### Supplied records

________________

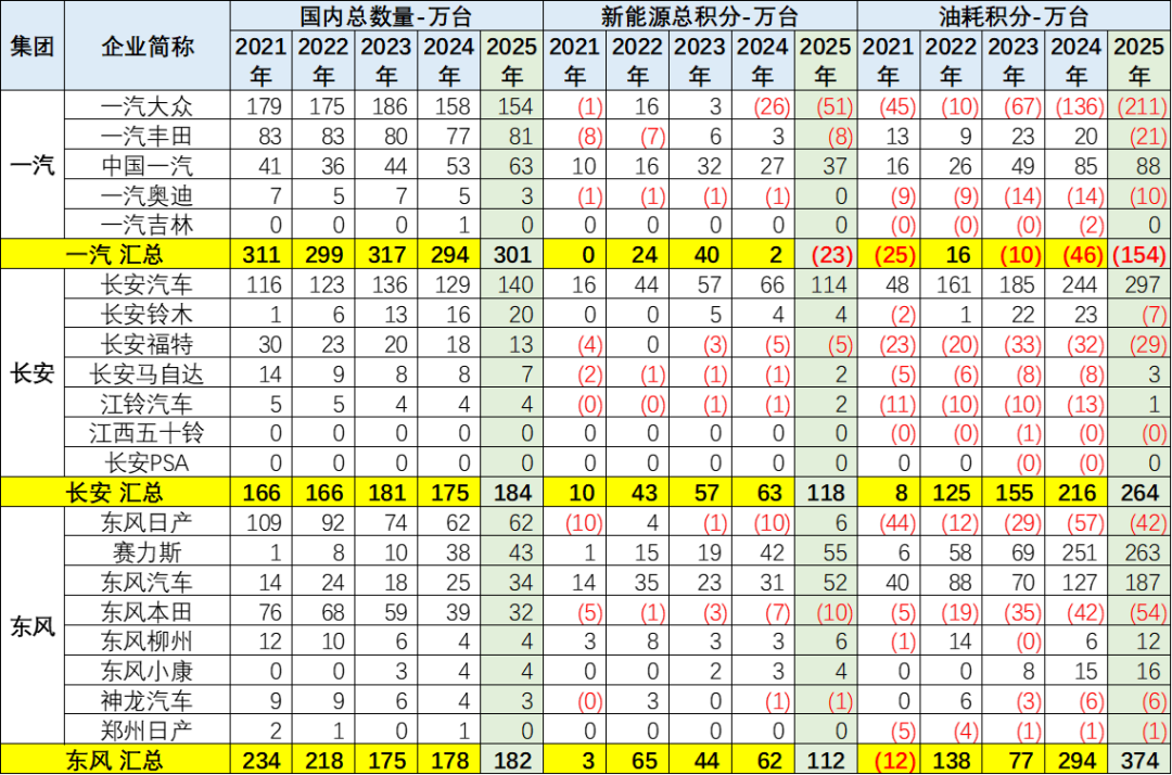 一汽、长安、东风的三大央企车企集团的总体表现较好,其中一汽丰田等很多合资车企都是新能源和油耗正积分积累。一汽大众、长安福特、东风日产等企业的新能源需要进一步提升。
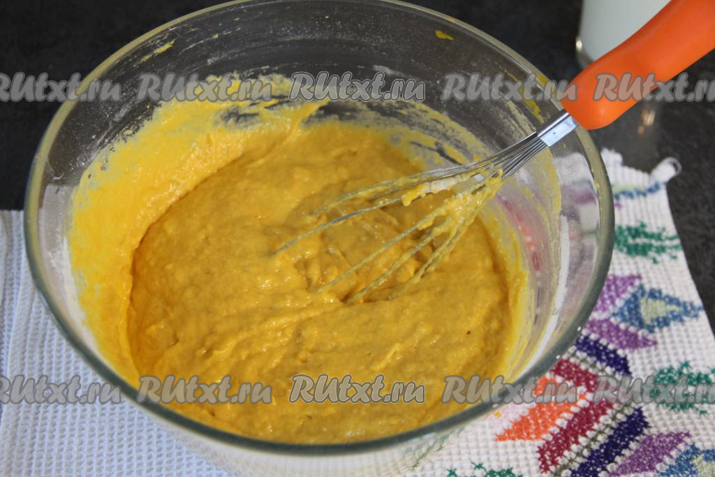 Перемешать тыквенное дрожжевое тесто венчиком, оно получится вязким и тягучим.
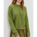 The Adina sweater is a cozy, chunky-knit piece in a vibrant pea green color. It has a classic crew neckline, long sleeves, and ribbed detailing at the collar, cuffs, and hemline for added structure. The fit is slightly relaxed with a boxy silhouette that sits just above the hips, giving it a casual yet polished appearance.
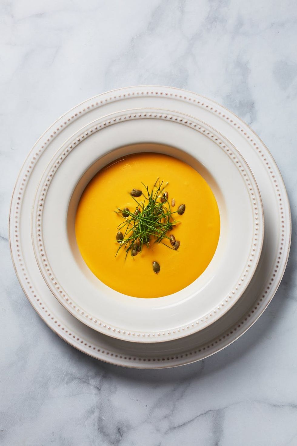 First, guests will nosh on a sweet potato vichyssoise appetizer, featuring golden leeks, organic red garnet yams, and roasted pepitas. It’s topped with wild micro chives specially planted by Morgan for the event.
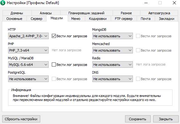 Разработка ведется локально, поэтому нужен сервер. Здесь все просто: Open Server. В нем уже встроено все, что нужно в данной ситуации. А именно: Apache, PHP, MySQL, phpMyAdmin и отправка писем с сервера. Поэтому идем на сайт разработчика https://ospanel.io/. Качаем нужную версию. Устанавливаем. Запускаем. Щелкаем на значке «Open Server» в виде флажка и переходим на вкладку «Настройки» затем «Модули». Выбираем нужную версии языка PHP желательно самую последнюю, она будет зависеть от версии Windows установленной на вашем компьютере, выбираем модуль Apache, программы, которая позволяет пользователю просматривать веб-документы, совместимый с версией PHP и нужный модуль базы данных MySQL.
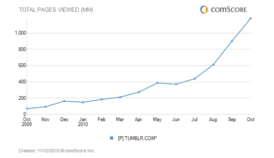 But something definitely started to click this summer. As you can see by the charts, that is when growth really took off. U.S. pageviews were only 373 million back then. In August, it passed its one billionth cumulative post. All those posts add up. The more people who use the super-easy blogging service (there are nearly 9.7 million different Tumblogs now), the more overall readers the platform attracts, which creates a virtuous cycle of more publishers.
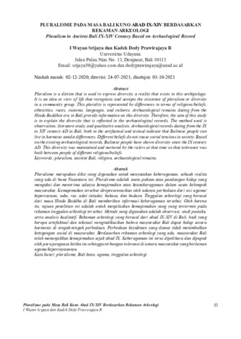 itu, tujuan penelitian ini adalah untuk menjelaskan kemajemukan yang yang tercermin pada rekaman tinggalan arkeologi tersebut. Metode yang digunakan adalah observasi, studi pustaka,serta analisis kualitatif. Rekaman arkeologi yang berasal dari abad IX-XIV di Bali, baik yang berupa artefaktual dan tekstual mengindikasikan bahwa masyarakat Bali dapat hidup secara harmonis di tengah-tengah perbedaan. Perbedaan keyakinan yang dianut tidak menimbulkan ketegangan sosial di masyarakat. Berdasarkan rekaman arkeologi yang ada, masyarakat Bali telah menunjukkan kemajemukan sejak abad IX. Keberagaman ini terus dipelihara dan dipupuk oleh para penguasa ketika itu sehingga terbangun toleransi di antara masyarakat yang berlainan agama/kepercayaannya
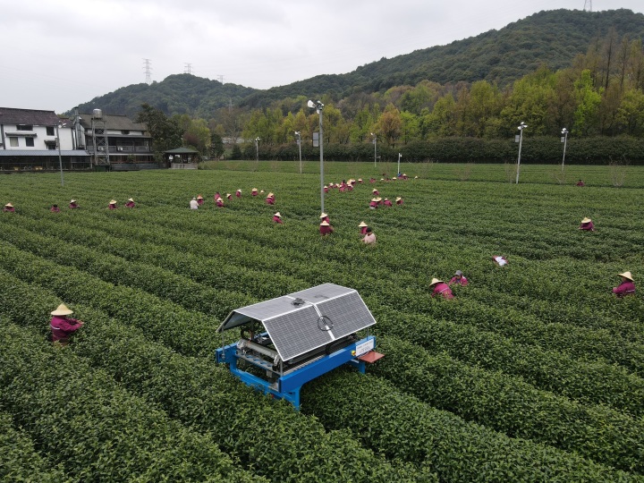 O rob? adota também a tecnologia de gera??o de energia fotovoltaica, a qual pode realizar a colheita ininterrupta de chá verde 24 horas por dia.
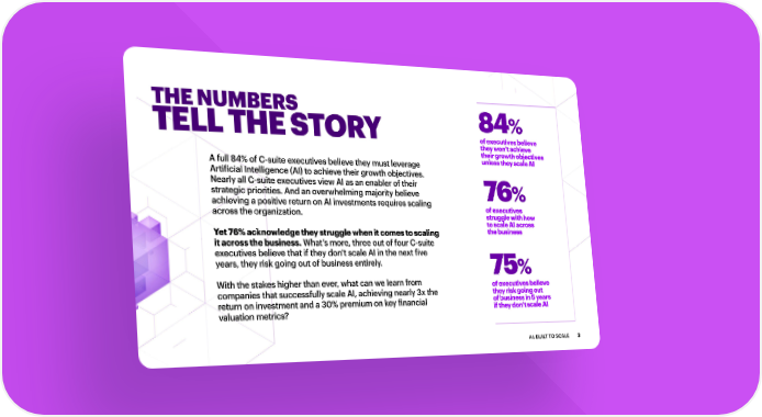 THE NUMBERS 84% TELL THE STORY of executives believe they won’t achieve their growth objectives A full 84% of C-suite executives believe they must leverage unless they scale AI Artificial Intelligence (AI) to achieve their growth objectives. Nearly all C-suite executives view AI as an enabler of their strategic priorities. And an overwhelming majority believe 76% achieving a positive return on AI investments requires scaling of executives across the organization. struggle with how to scale AI across Yet 76% acknowledge they struggle when it comes to scaling the business it across the business. What’s more, three out of four C-suite executives believe that if they don’t scale AI in the next five years, they risk going out of business entirely. 75% With the stakes higher than ever, what can we learn from of executives believe companies that successfully scale AI, achieving nearly 3x the they risk going out return on investment and a 30% premium on key financial of business in 5 years valuation metrics? if they don’t scale AI AI: BUILT TO SCALE 3
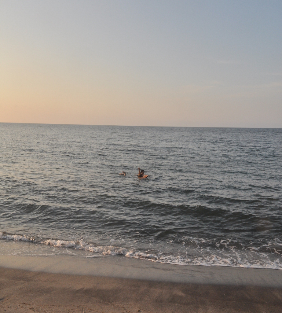 受川奈保さんの声掛けで、木の下で風に吹かれながら自由に絵を描く解放の夏の日.
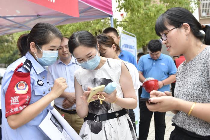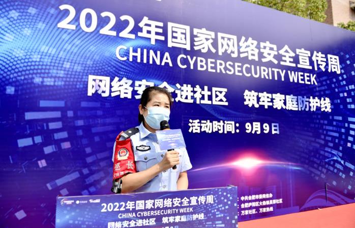 9月9日,在安徽省合肥市廬陽區大楊鎮舉辦的2022年國家網絡安全宣傳周網絡安全進社區活動上,民警為居民介紹防詐騙知識。新華社發(葛傳紅 攝)
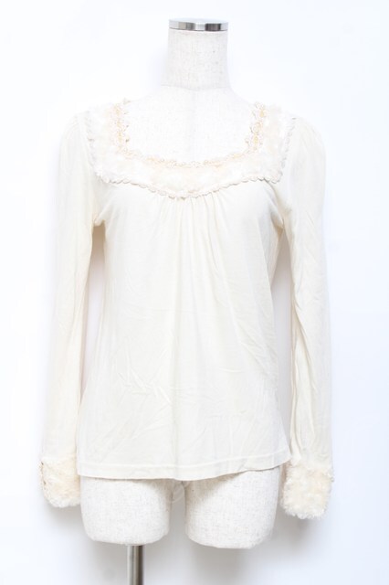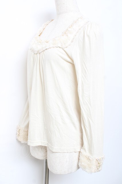 axes femme / ファー配色カットソー M 生成り Y-25-10-18-085-AX-TO-SZ-ZY
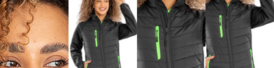 Recycled polyester outer. Polyester padding and lining. Repreve® recycled padding. Polyester micro fleece inner layer. Two layer mechanical stretch printable soft shell sleeves. Lightweight. Showerproof and windproof. Hang tag. Full length zip with chin guard and inner zip guard. Contrast right chest zip pocket and two front zip pockets. Soft bound cuffs. Open hem. Tag free. Access for decoration.

________________

### Exercise
What you hand back should match the listing exactly, except that no pictures appear.

### Response below
 一汽、长安、东风的三大央企车企集团的总体表现较好,其中一汽丰田等很多合资车企都是新能源和油耗正积分积累。一汽大众、长安福特、东风日产等企业的新能源需要进一步提升。
 Перемешать тыквенное дрожжевое тесто венчиком, оно получится вязким и тягучим.
 The Adina sweater is a cozy, chunky-knit piece in a vibrant pea green color. It has a classic crew neckline, long sleeves, and ribbed detailing at the collar, cuffs, and hemline for added structure. The fit is slightly relaxed with a boxy silhouette that sits just above the hips, giving it a casual yet polished appearance.
 First, guests will nosh on a sweet potato vichyssoise appetizer, featuring golden leeks, organic red garnet yams, and roasted pepitas. It’s topped with wild micro chives specially planted by Morgan for the event.
 Разработка ведется локально, поэтому нужен сервер. Здесь все просто: Open Server. В нем уже встроено все, что нужно в данной ситуации. А именно: Apache, PHP, MySQL, phpMyAdmin и отправка писем с сервера. Поэтому идем на сайт разработчика https://ospanel.io/. Качаем нужную версию. Устанавливаем. Запускаем. Щелкаем на значке «Open Server» в виде флажка и переходим на вкладку «Настройки» затем «Модули». Выбираем нужную версии языка PHP желательно самую последнюю, она будет зависеть от версии Windows установленной на вашем компьютере, выбираем модуль Apache, программы, которая позволяет пользователю просматривать веб-документы, совместимый с версией PHP и нужный модуль базы данных MySQL.
 But something definitely started to click this summer. As you can see by the charts, that is when growth really took off. U.S. pageviews were only 373 million back then. In August, it passed its one billionth cumulative post. All those posts add up. The more people who use the super-easy blogging service (there are nearly 9.7 million different Tumblogs now), the more overall readers the platform attracts, which creates a virtuous cycle of more publishers.
 itu, tujuan penelitian ini adalah untuk menjelaskan kemajemukan yang yang tercermin pada rekaman tinggalan arkeologi tersebut. Metode yang digunakan adalah observasi, studi pustaka,serta analisis kualitatif. Rekaman arkeologi yang berasal dari abad IX-XIV di Bali, baik yang berupa artefaktual dan tekstual mengindikasikan bahwa masyarakat Bali dapat hidup secara harmonis di tengah-tengah perbedaan. Perbedaan keyakinan yang dianut tidak menimbulkan ketegangan sosial di masyarakat. Berdasarkan rekaman arkeologi yang ada, masyarakat Bali telah menunjukkan kemajemukan sejak abad IX. Keberagaman ini terus dipelihara dan dipupuk oleh para penguasa ketika itu sehingga terbangun toleransi di antara masyarakat yang berlainan agama/kepercayaannya
 O rob? adota também a tecnologia de gera??o de energia fotovoltaica, a qual pode realizar a colheita ininterrupta de chá verde 24 horas por dia.
 THE NUMBERS 84% TELL THE STORY of executives believe they won’t achieve their growth objectives A full 84% of C-suite executives believe they must leverage unless they scale AI Artificial Intelligence (AI) to achieve their growth objectives. Nearly all C-suite executives view AI as an enabler of their strategic priorities. And an overwhelming majority believe 76% achieving a positive return on AI investments requires scaling of executives across the organization. struggle with how to scale AI across Yet 76% acknowledge they struggle when it comes to scaling the business it across the business. What’s more, three out of four C-suite executives believe that if they don’t scale AI in the next five years, they risk going out of business entirely. 75% With the stakes higher than ever, what can we learn from of executives believe companies that successfully scale AI, achieving nearly 3x the they risk going out return on investment and a 30% premium on key financial of business in 5 years valuation metrics? if they don’t scale AI AI: BUILT TO SCALE 3
 受川奈保さんの声掛けで、木の下で風に吹かれながら自由に絵を描く解放の夏の日.
 9月9日,在安徽省合肥市廬陽區大楊鎮舉辦的2022年國家網絡安全宣傳周網絡安全進社區活動上,民警為居民介紹防詐騙知識。新華社發(葛傳紅 攝)
 axes femme / ファー配色カットソー M 生成り Y-25-10-18-085-AX-TO-SZ-ZY
 Recycled polyester outer. Polyester padding and lining. Repreve® recycled padding. Polyester micro fleece inner layer. Two layer mechanical stretch printable soft shell sleeves. Lightweight. Showerproof and windproof. Hang tag. Full length zip with chin guard and inner zip guard. Contrast right chest zip pocket and two front zip pockets. Soft bound cuffs. Open hem. Tag free. Access for decoration.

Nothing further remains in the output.